Je n'ai rien quémander d'autre que la préservation de ma liberté. Je suis restée assise une journée entière à remercier le Ciel de m'avoir libéré. On m'avait maladroitement jeté quelques pièces au sol sans que je n'en demande rien.Au début ça fait bizarre mais très vite on s'y habitue. Les regards de pitié qu'on vous accorde et dans leur tête ils se demandent comment vous avez pu en arriver là. Ils meurent tous envie de connaître votre parcours, de savoir quel a été l'élément déclencheur de votre chute.
Et puis il y a ceux qui remercient Dieu de ne pas s'être retrouver comme moi, âgée d'une vingtaine d'années seulement et sans domicile.
D'ailleurs être une femme à la rue c'est être susceptible d'être une victime de quelconque agression ou violence, à chaque instant à chaque seconde. Entre ceux qui vous prennent pour des travailleurs du sexe et ceux qui ne savent pas calmer leur pulsion. Le sommeil quant à lui n'apporte jamais la paix ; il est source d'angoisse. La fatigue se présente et on se demande si on va trouver un parking ouvert pour pouvoir y passer la nuit en toute sécurité. C'est dingue mais l'ordre de priorité et de danger est totalement différente en l'espace d'une dizaine de jours.
C'est ça apprendre à survivre ?
Il y a encore quelques temps ma plus grande peur était de mourir seule enfermée entre les quatre murs d'une chambre au décor macabre. Aujourd'hui j'ai peur de mourir de froid, de faim, seule, d'être une nouvelle fois victime d'attouchement ou d'abus sexuel, j'ai peur que mon corps soit retrouvé inerte entre deux bennes à ordures.Je suis assise non loin du décor qui se présente face à moi et soudain tout change. Un vaste étendu de mer bleue. Ce grand bateau de croisière qui semble luxueux. Le soleil tape faussement sur mon visage, les mouettes chantent, l'odeur du port valse mes narines. Le ciel lui est un bleu magnifique, il est le reflet de la mer, son miroir le plus précieux. Quant à la verdure elle dépasse du cadre, un ou deux palmiers prêt à faire tomber leur noix de coco. Et tout en bas, juste au dessus du port de la presque île est écrit « Air France ».

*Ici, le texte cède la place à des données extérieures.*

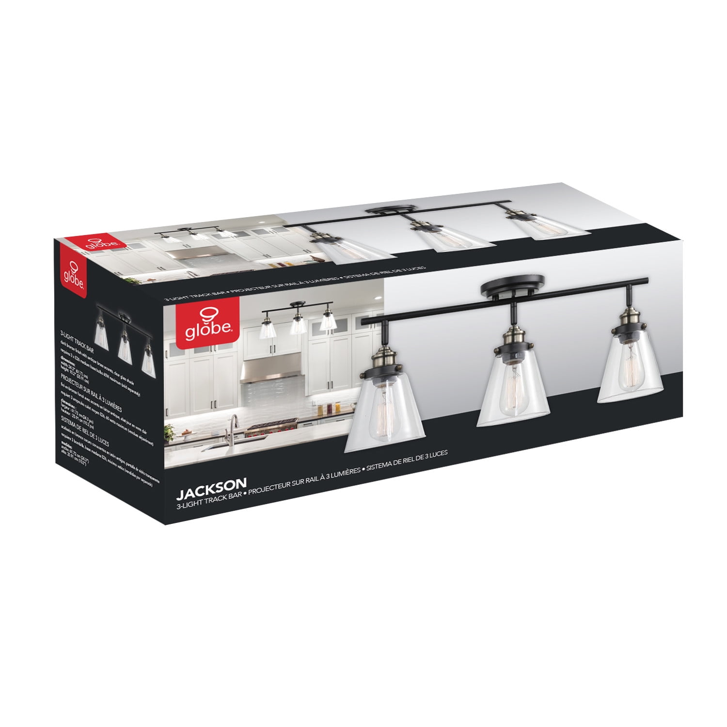MODERN FARMHOUSE DESIGN: with a unique take on comfort and simplicity, this track lighting fixtures ceiling modernizes the farmhouse trend with a warm finish and modern industrial elements STYLISH PLACEMENT OPTIONS: adjustable track heads and a round canopy allow you to use this kitchen ceiling light in a variety of different ways – use it on your ceiling as a traditional track light or use it on your wall as a trendy vanity light BULB REQUIREMENTS: 3x E26/Medium Base 60W Bulbs (sold separately) – Compatible with LED and Incandescent Bulbs PIVOTING TRACK HEADS: three pivoting track heads help create the perfect lighting design – focus them strategically to create the ultimate lighting experience in every room EASY INSTALL: the track lighting fixtures ceiling piece includes all mounting hardware for quick and easy installation DIMMABLE: fully dimmable with a compatible dimmer switch to create the perfect atmosphere (dimmer switch sold separately) MAKE IT SMART: automate your track light by adding a Globe Electric Smart bulb – simply screw it in and create different lighting solutions with your phone – the options are endless! Product Net Content UOM: 1 Each.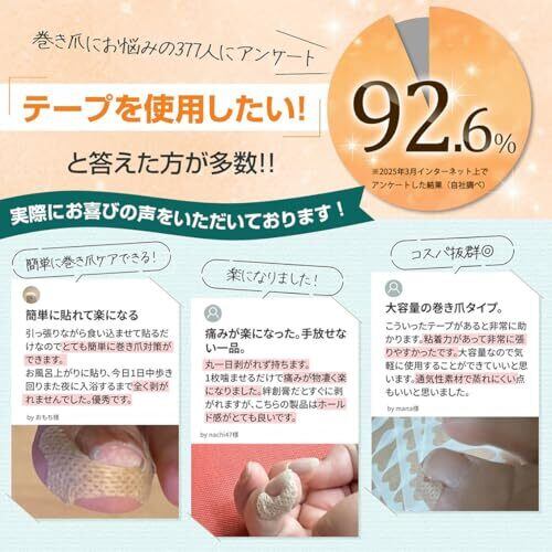 この巻き爪テープは、強粘着と通気性素材を使用しており、巻き爪や陥入爪の悩みを軽減するために設計されています。自宅で手軽に使える、心強いアイテムです!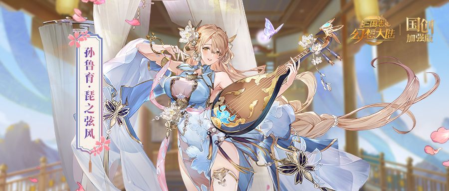 琵琶的声清脆明亮,弹奏快如溪水雀跃,慢如微风徐徐。非常适合江南之地出身的吴国公主孙鲁育所持有。整体服饰点缀蝴蝶和缠花元素,体现孙鲁育心思细腻与温柔善良的一面。帐下帷幔随风起,轻盈的身姿拨动琵琶琴弦带给人亲切之感。闻着青草的味道,孙鲁育从纱后缓缓露出清雅弦音使人流连驻足。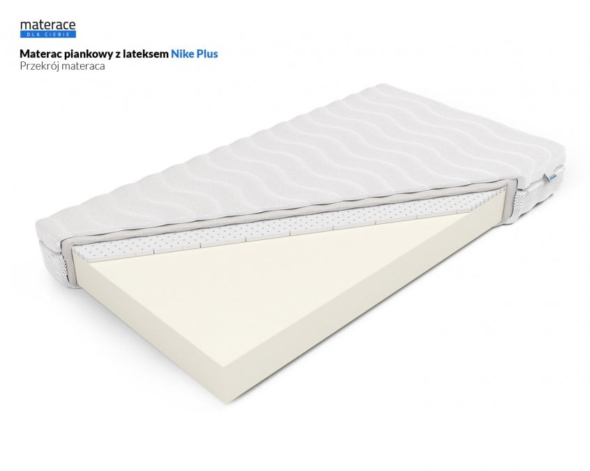 Nike Plus to materac w całości wykonany z pianki. Stanowi on połączenie dwóch rodzajów doskonałej jakości pianek: FlexyLateks i ComfortBase (pianka poliuretanowa). Materac stanowi komfortowe podparcie dla sylwetki. Dodatkowo ma on właściwości ortopedyczne i antyalergiczne. Wysokość materaca to 19 cm. Łączna wysokość materaca zależeć będzie od wybranego pokrowca. Produkcja materaca nastepuje w ciągu 24h od zaksięgowania wpłaty. Produkt objęty jest 2-letnią gwarancją.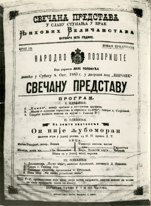 Prvi poznati pozorišni događaj zabeležen je 1883. godine i o njemu svedoči plakat za predstavu, koja je u Nišu izvedena prigodno, povodom godišnjice stupanja u brak kralja Milana i kraljice Natalije Obrenović.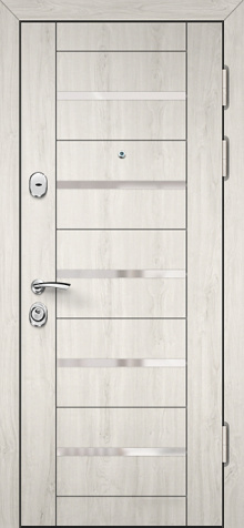 Прочная стальная конструкция с листом металла толщиной 2 мм и надежными ребрами жесткости делает эту модель отличным вариантом для квартир, частных домов и офисов. Каркас и полотно выполнены из профильной трубы, что обеспечивает долговечность и сопротивление взлому, а двойной контур уплотнения защищает от сквозняков и постороннего шума. Отделка с обеих сторон выполнена накладками из МДФ, которые не только придают аккуратный и современный внешний вид, но и отличаются стойкостью к царапинам и ударам. Стальная входная дверь в квартиру №160 может быть изготовлена в любых размерах и вариантах открывания, а систему безопасности дополняют два замка российского производства: сувальдный Просам и цилиндровый Мосрентген, каждый с тремя мощными ригелями. По желанию заказчика возможна установка зеркала, стеклопакета, ковки или умного замка, что превращает изделие из просто двери в продуманное решение для комфортной и безопасной жизни. Стальная входная дверь в квартиру №160 от производителя: быстрое изготовление и монтаж в Королеве, индивидуальные размеры, широкий выбор материалов и фурнитуры, официальная гарантия до 10 лет.

C'est donc cette compagnie qui, en l'espace de quelques minute, m'a laissé rêver d'un voyage sur une île. Le sable chaud sous mes pieds, les coquillages qui s'entassent, quelques crabes non loin des châteaux de sables d'enfants. C'est cette campagne qui m'a laissé croire qu'un jour, je pourrai m'allonger sur un transat dans une robe blanche à voile, seule ou accompagnée de celui qui voudra bien m'aimer. Cette grande image m'a laissé entendre d'un jour je pourrais me permettre de laisser ma peau bronzer après avoir appliqué une couché d'huile bronzante.
Et puis soudain un grand bus vient cacher la pancarte. Plus de plage plus de sable chaud, plus d'écume de mer qui se jette sur le bord, pas de rire d'enfants courant après un cerf-volant ni de petite sieste précédent un massage. Rien de tout ça. Je suis là, assise à cet arrêt de bus, sur un banc aussi dur que du béton, obligé de cacher mon corps dans la peur qu'on me reconnaisse ou qu'on sache que je suis une femme. Je suis assise dans ce froid encore supportable pour l'instant, sans une tasse de thé pour me réchauffer ni même une soupe pour la même chose.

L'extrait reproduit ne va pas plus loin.